Cost data is based on actual project costs as reported by 7,330 HomeAdvisor members.

Mold Inspection Cost Factors

As you begin your research on mold inspections, you'll quickly find that flat rates aren't the norm. Several factors can affect your final cost, including your home size, location accessibility, and the mold type you're potentially dealing with.

Mold Testing 

Mold testing costs around $250 to $350. To conduct a test, inspectors will take air or surface samples in the home to find out if there's mold. Mold testing is necessary because it confirms the presence of mold in your home and identifies what type of mold is there and how many mold spores are in the air, which all make a difference when it's time for remediation. 

Lab Testing 

Some mold inspectors may also do lab testing, which costs approximately $400 to $500. In this case, the inspector will gather several pieces of household material and physically take them to an independent lab for testing. Instead of examining swabs under a microscope, the lab can examine tangible items from inside your home. 

Size of the Home 

Like most service-oriented jobs, you'll have to factor in the size of your home into the cost of your mold inspection. Mold inspection costs can range from $300 to $1,000. The more ground an inspector has to cover, the more you can expect to pay for the inspection.

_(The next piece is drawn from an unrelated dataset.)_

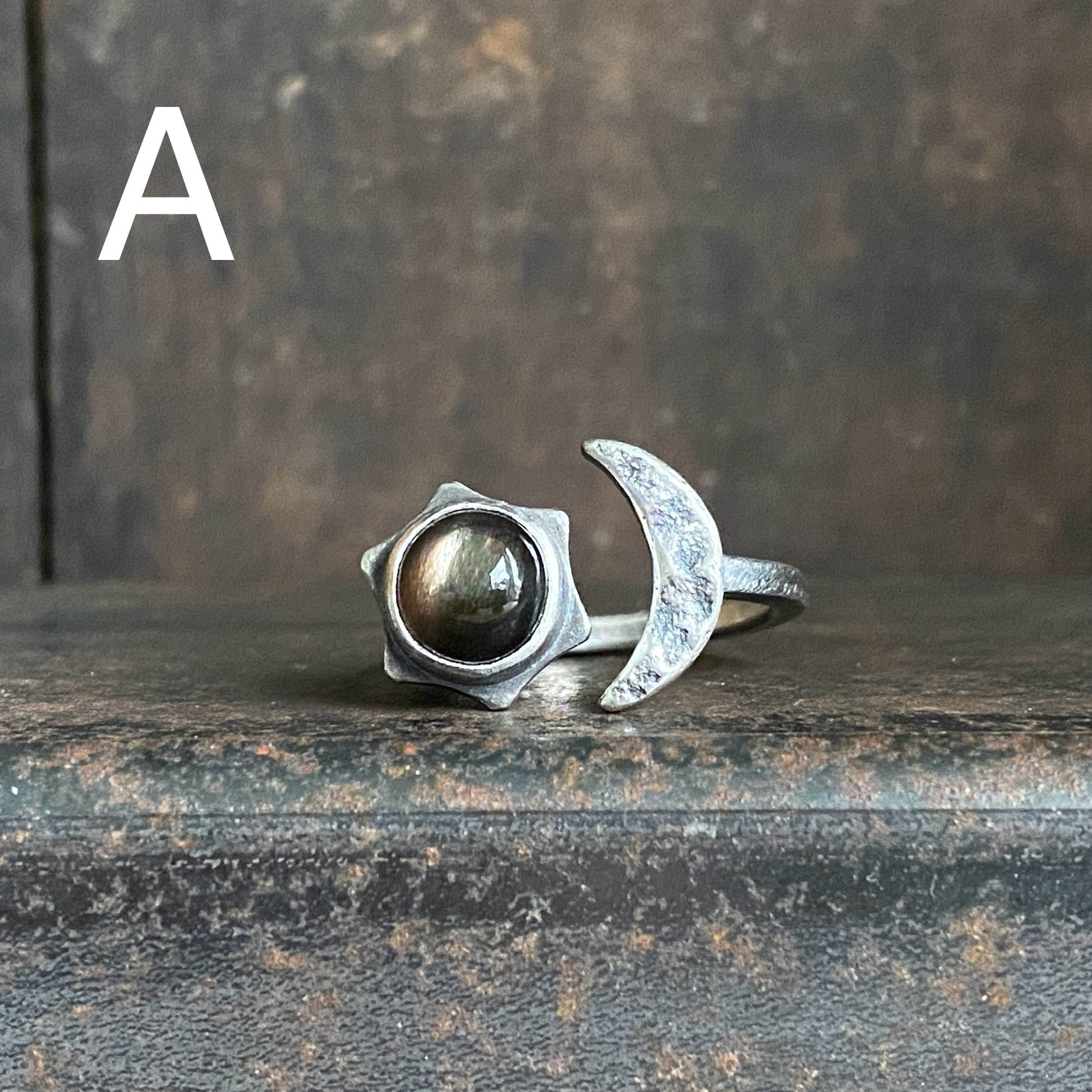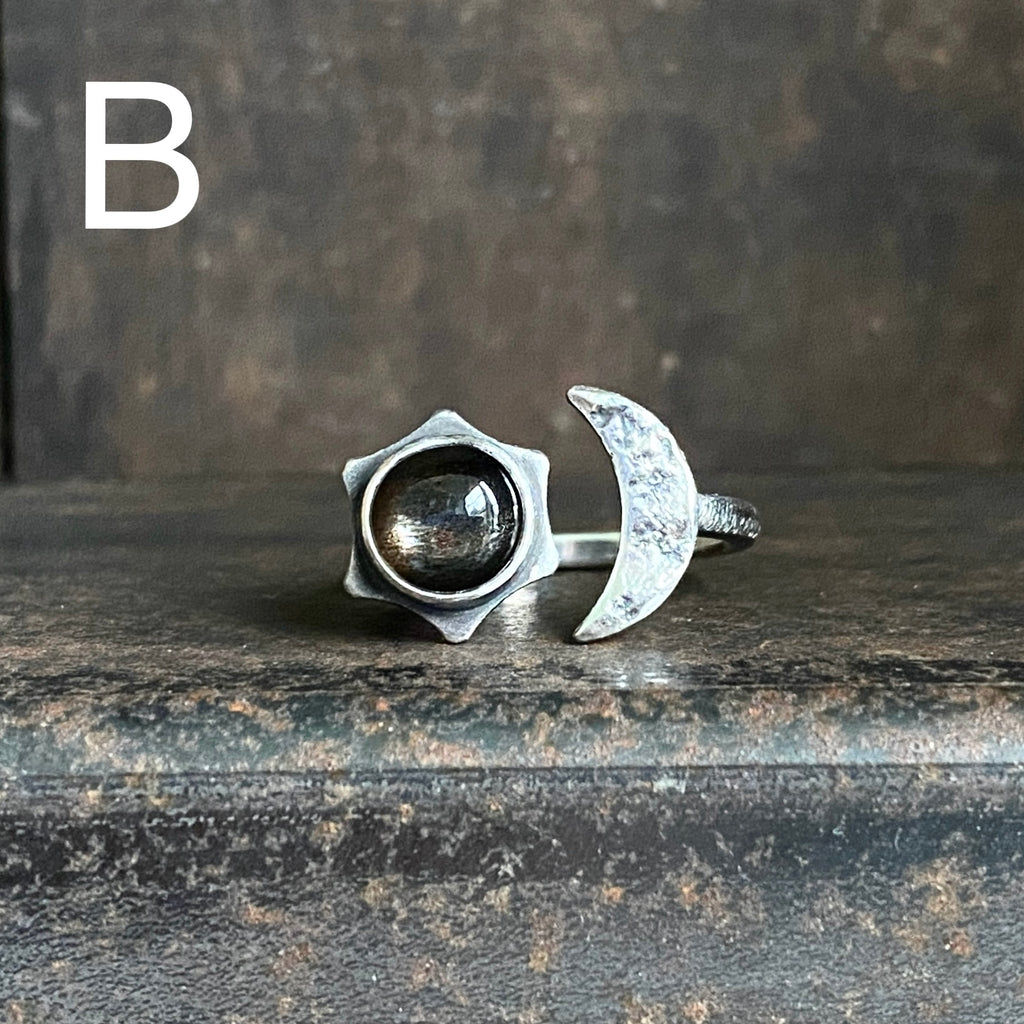 Sterling silver split ring featuring an 8mm black moonstone cabochon and a textured crescent moon.
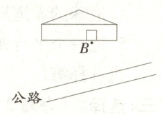 1. 张叔叔要从家门口的 B 点修一条路与门前公路相连,怎样修路最短? 请你画一画。(2 分)

Mold Location and Accessibility 

Mold is usually visible, and in most cases, you'll see it if there's mold in your house. In some cases, however, it may take more work for the inspector to confirm their suspicions if the inspector suspects mold growth in an inaccessible space of your home. From removing drywall to uninstalling paneling to get a better look, hard-to-access spaces may cost at least $700 to inspect. Ultimately, the more your mold inspector has to do to complete the inspection, the higher the inspection cost.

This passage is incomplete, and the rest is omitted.